Het Besluit ruimtelijke ordening (artikel 3.1.1) geeft aan dat burgemeester en wethouders bij de voorbereiding van een bestemmingsplan overleg voeren met de besturen van betrokken gemeenten en waterschappen en met die diensten van provincie en Rijk die betrokken zijn bij de zorg voor de ruimtelijke ordening of belast zijn met de behartiging van belangen welke in het plan in het geding zijn.
Er is in het gebied van de voorgenomen ontwikkeling geen sprake van bijzondere waarden of andere situaties waardoor deze ontwikkeling zou raken aan enig nationaal belang.
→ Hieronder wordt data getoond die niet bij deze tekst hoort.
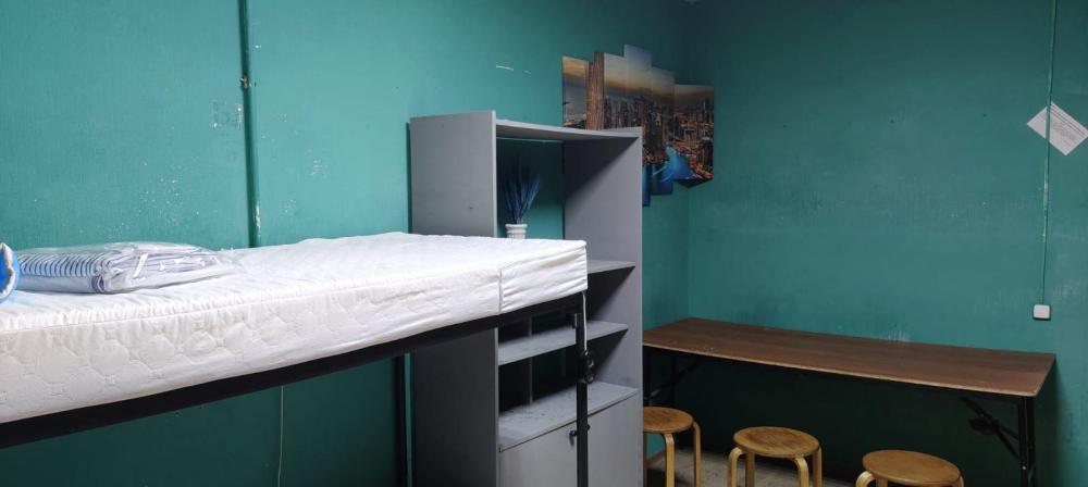 6-ти местный мужской номер, площадью 24 кв. метра. В номере 3 двухъярусных кровати. Стоимость указана за койко-место. В стоимость входит: койко-место, комплект постельного белья, посещение общего санузла, душа, зоны кухни и комнаты со стиральными машинами.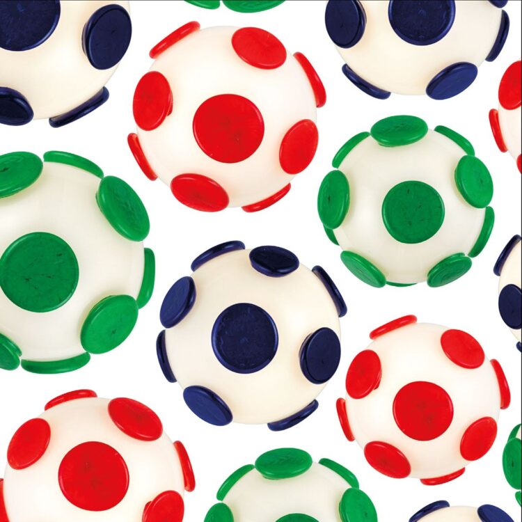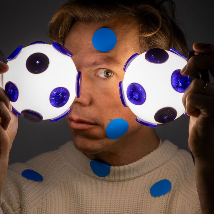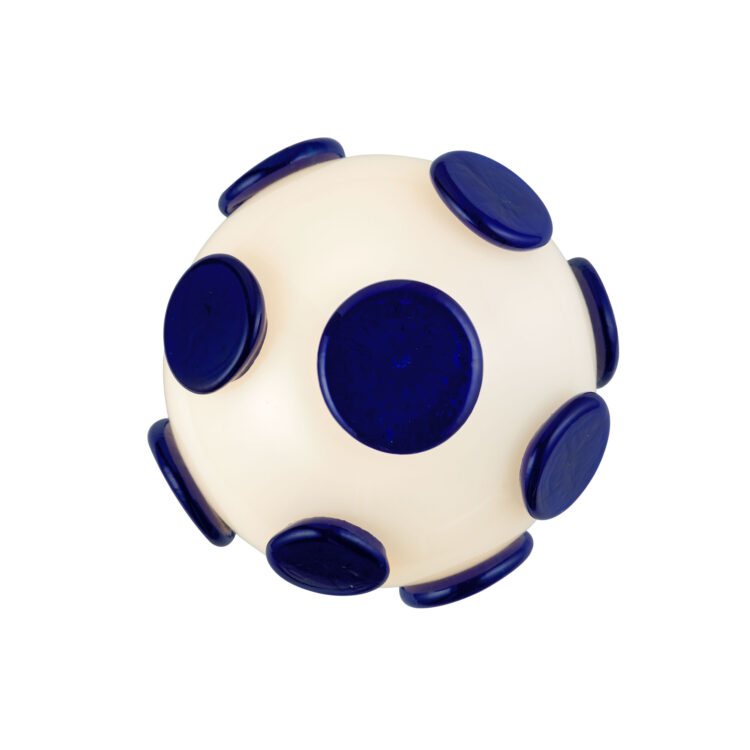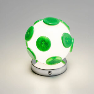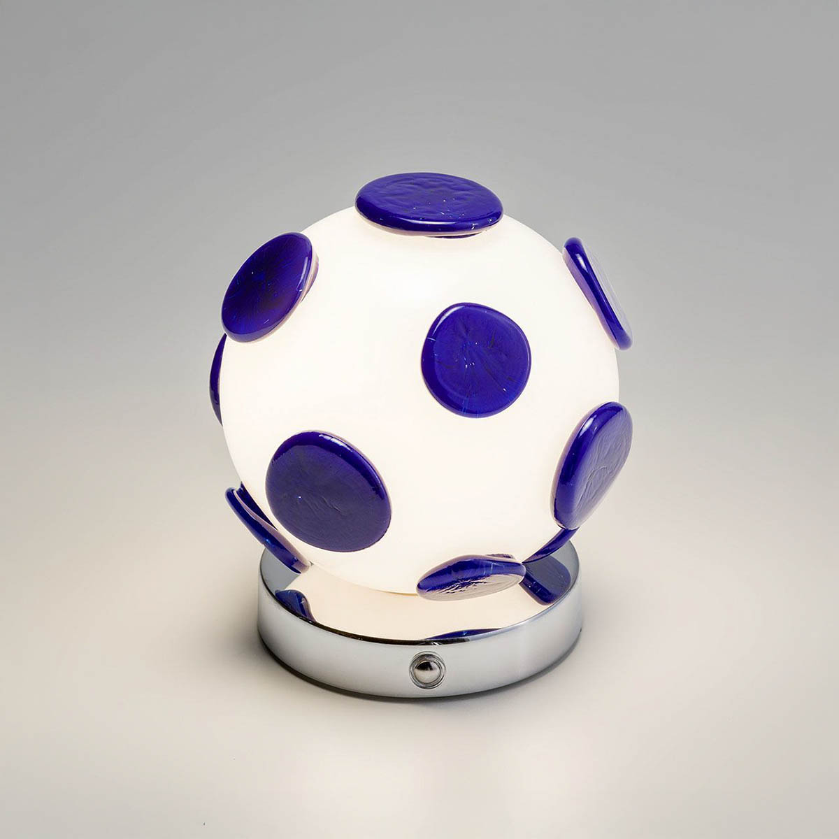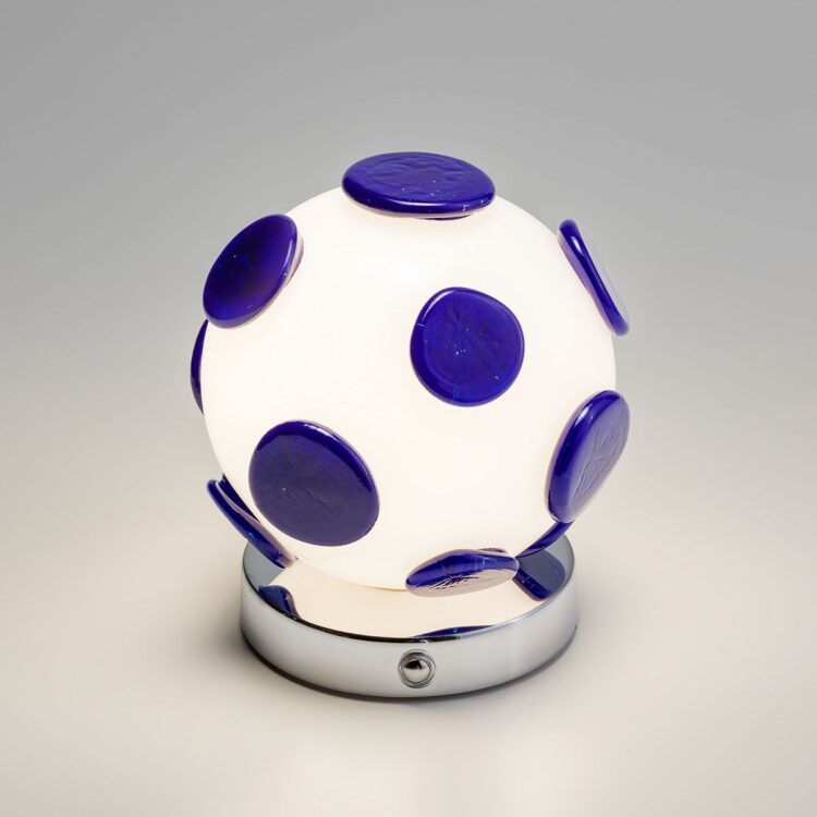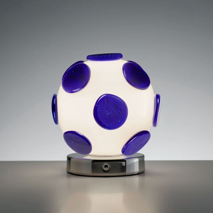 Pastiglie in vetro blu danzano sulla superficie di questa lampada in vetro soffiato bianco, evocando atmosfere cosmiche e visioni pop degli anni Sessanta. Grazie alla tecnologia a batteria ricaricabile, questa bolla luminosa diventa una presenza nomade: dimmerabile e leggerissima, si sposta agilmente per creare atmosfere intime e sofisticate.

Daarom is afgezien van het voeren van vooroverleg met het Rijk.
Het bestemmingsplan "Molenweg-Irenelaan" betreft een plan van lokaal belang. Vooroverleg met provincie is daarom niet noodzakelijk en wordt dan ook niet gevoerd.
Het ontwerpwijzigingsplan heeft van 17 april tot en met 28 mei 2020 ter inzage gelegen. Gedurende deze periode heeft een ieder de mogelijkheid gehad om een zienswijze naar voren te brengen. Tijdens deze zes weken is er één reactie op het wijzigingsplan ingediend.
Deze reacties hebben niet geleid tot aanpassing van het plan. In de bijlage bij dit bestemmingsplan is de Nota zienswijzen bijgevoegd.